Court Rules Jonathan Pollard Can Continue Appeal
Anne Gearan - The Associated Press - June 10, 2004
WASHINGTON - A federal appeals court has allowed convicted spy Jonathan Pollard another chance to fight his life prison term for passing secrets to Israel.
A three-judge panel will hear arguments in the case, probably later this year. The panel will not decide whether Pollard's sentence was too harsh, as he claims. Instead, the judges will decide only if Pollard can take the next step in his legal fight.
The court could also grant a request from Pollard's current lawyers to see partly classified documents used at Pollard's 1987 sentencing. The lawyers say they need to see the material to rebut government arguments against any new appeal or against a request for presidential clemency.
Pollard has lost several rounds in federal court, and the June 7 order from the D.C. Circuit Court of Appeals that kept his case alive marked a surprising, if incremental, victory.
Pollard has exhausted his regular appeals, and would need special permission from a judge to take the case further. U.S. District Judge Thomas Hogan turned him down last fall, and the case could have ended there.
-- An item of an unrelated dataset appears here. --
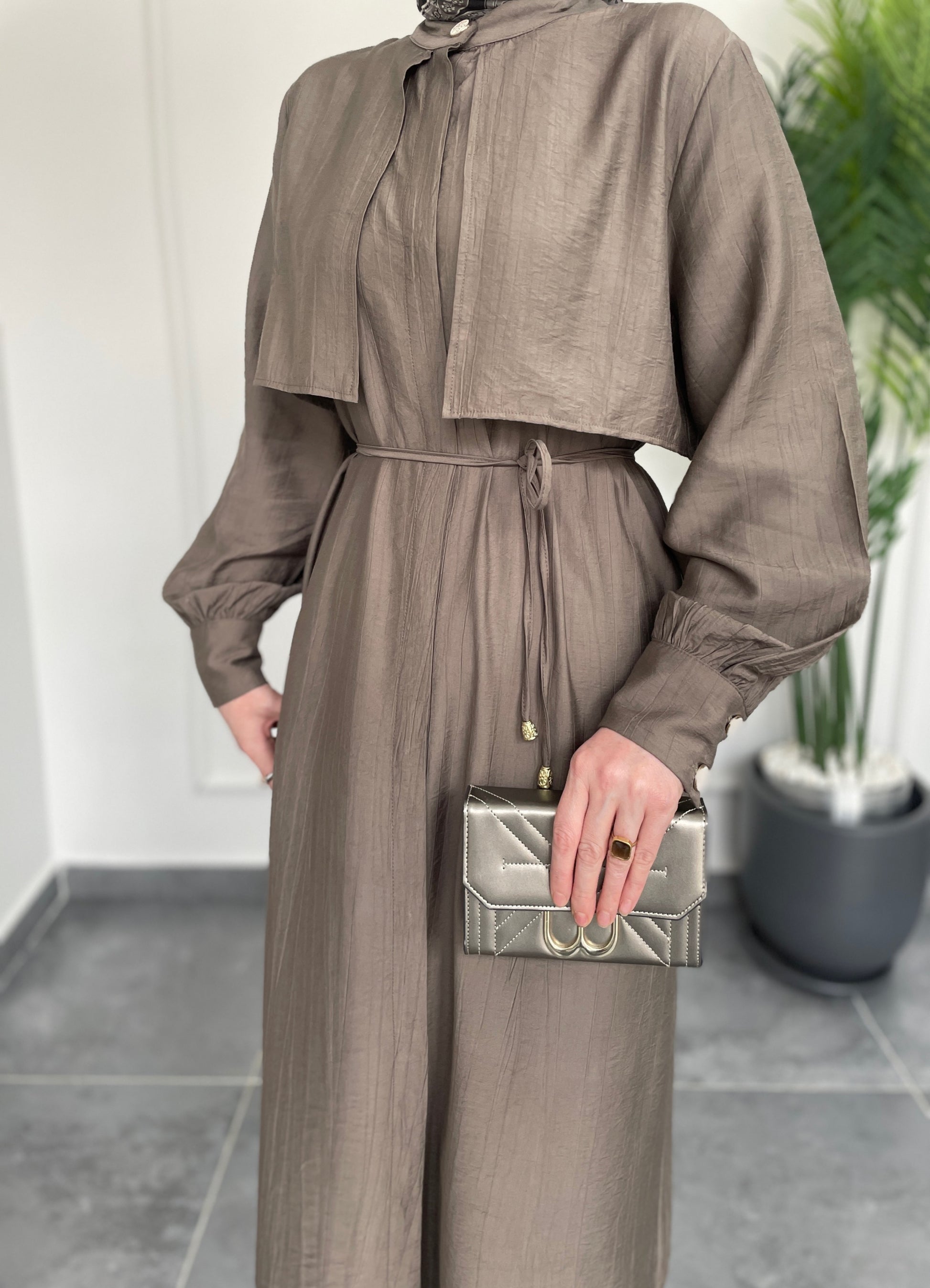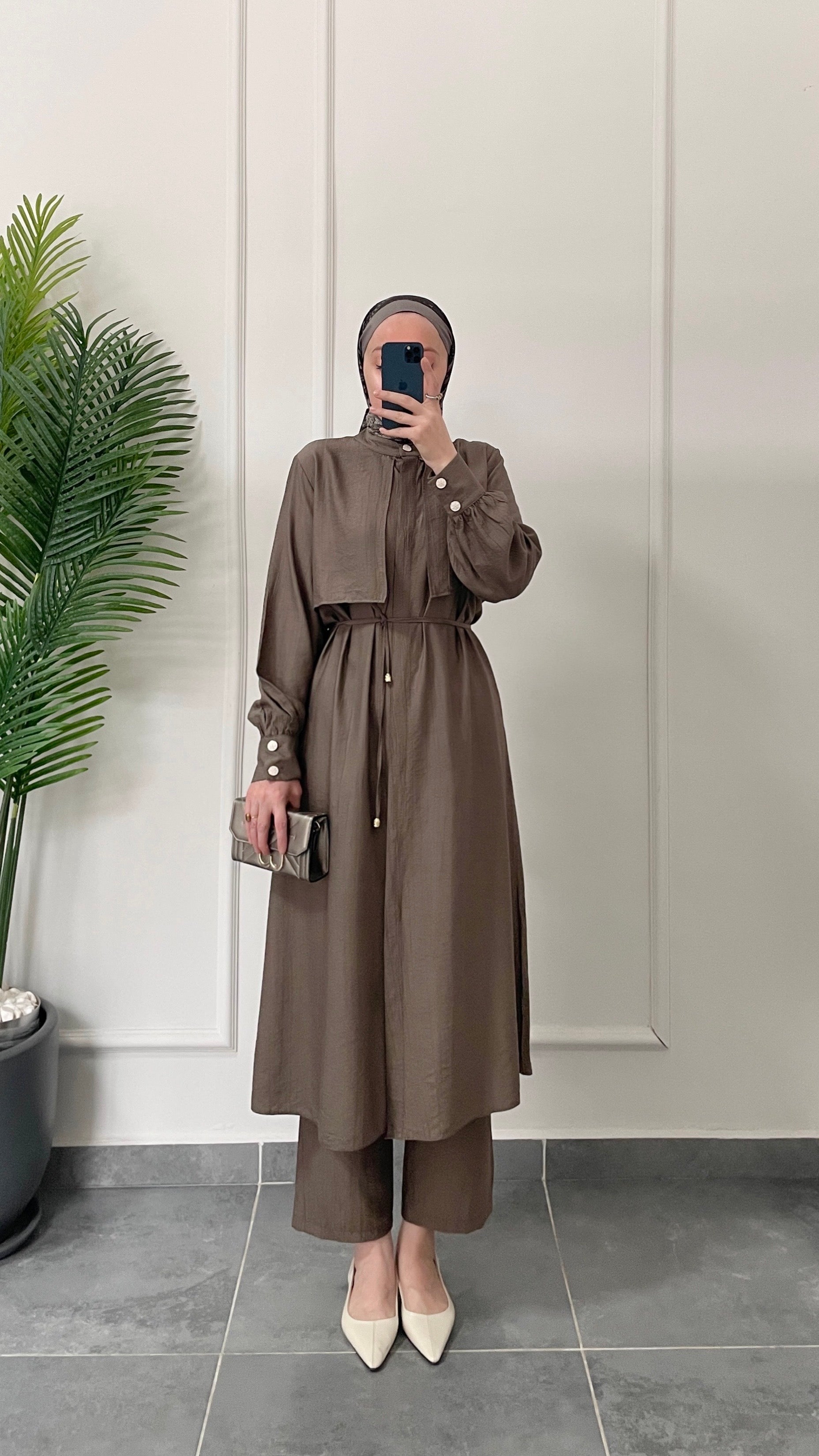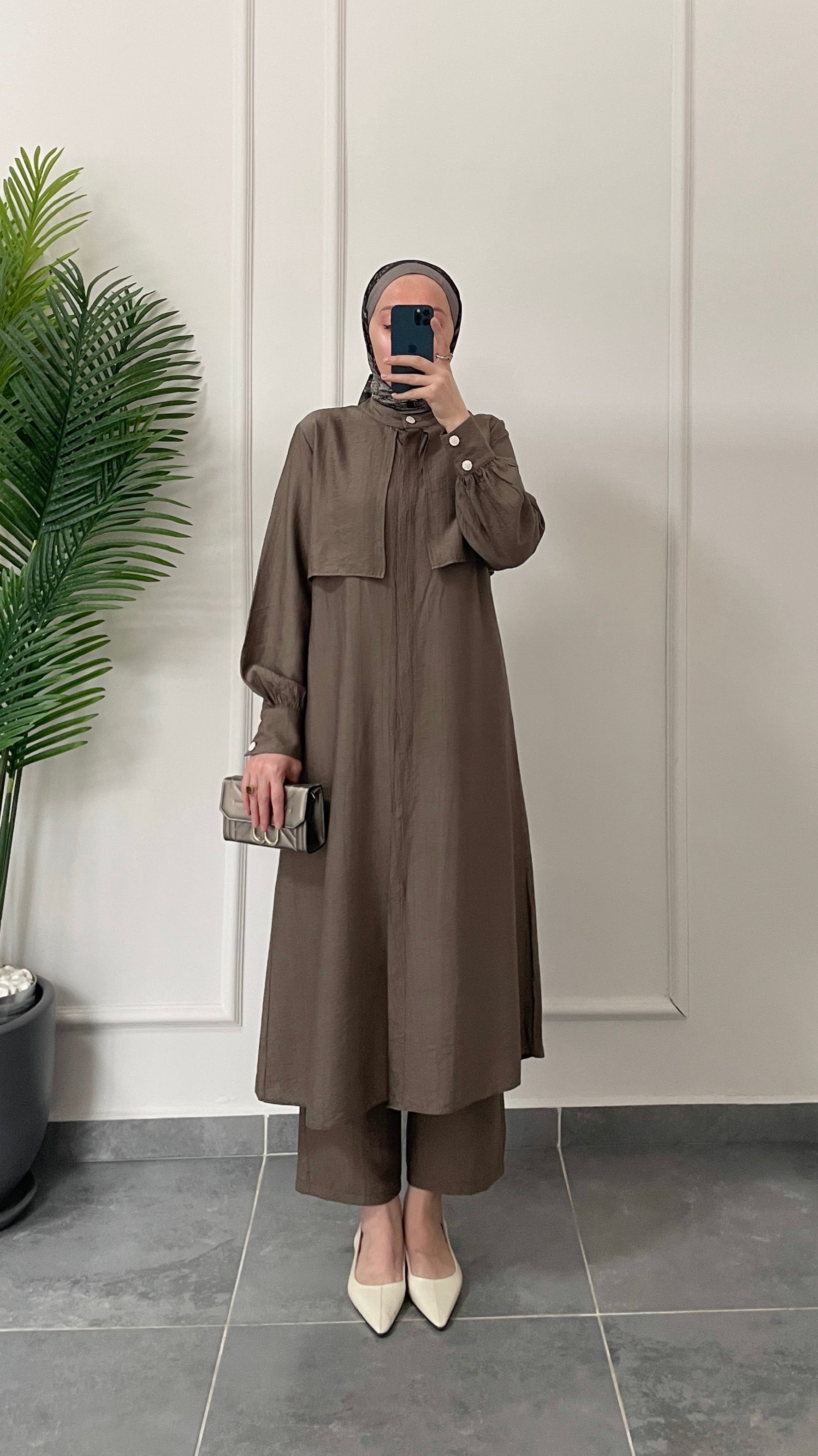 Çilek Kumaş Tunikli Takım-Boz Kahve

Lawyers for Pollard asked the appeals court to reconsider Hogan's ruling, a request that is routinely denied. The appeals court instead agreed to take up the matter.
"This is a significant development for Jonathan Pollard and the effort that we have made ... to get justice for him," lawyer Jacques Semmelman said Thursday.
Pollard's lawyers will press two issues before the appeals judges. First, Pollard claims that his sentencing was unconstitutionally tainted because his original lawyer fell down on the job. Second, Pollard's new legal team will try to win access to the secret sentencing documents.
The appeals court has several options now. The judges could uphold Hogan's ruling, meaning Pollard cannot appeal any further. Or the judges could say Pollard should have been given the chance to appeal, and order a new round of legal filings before their court.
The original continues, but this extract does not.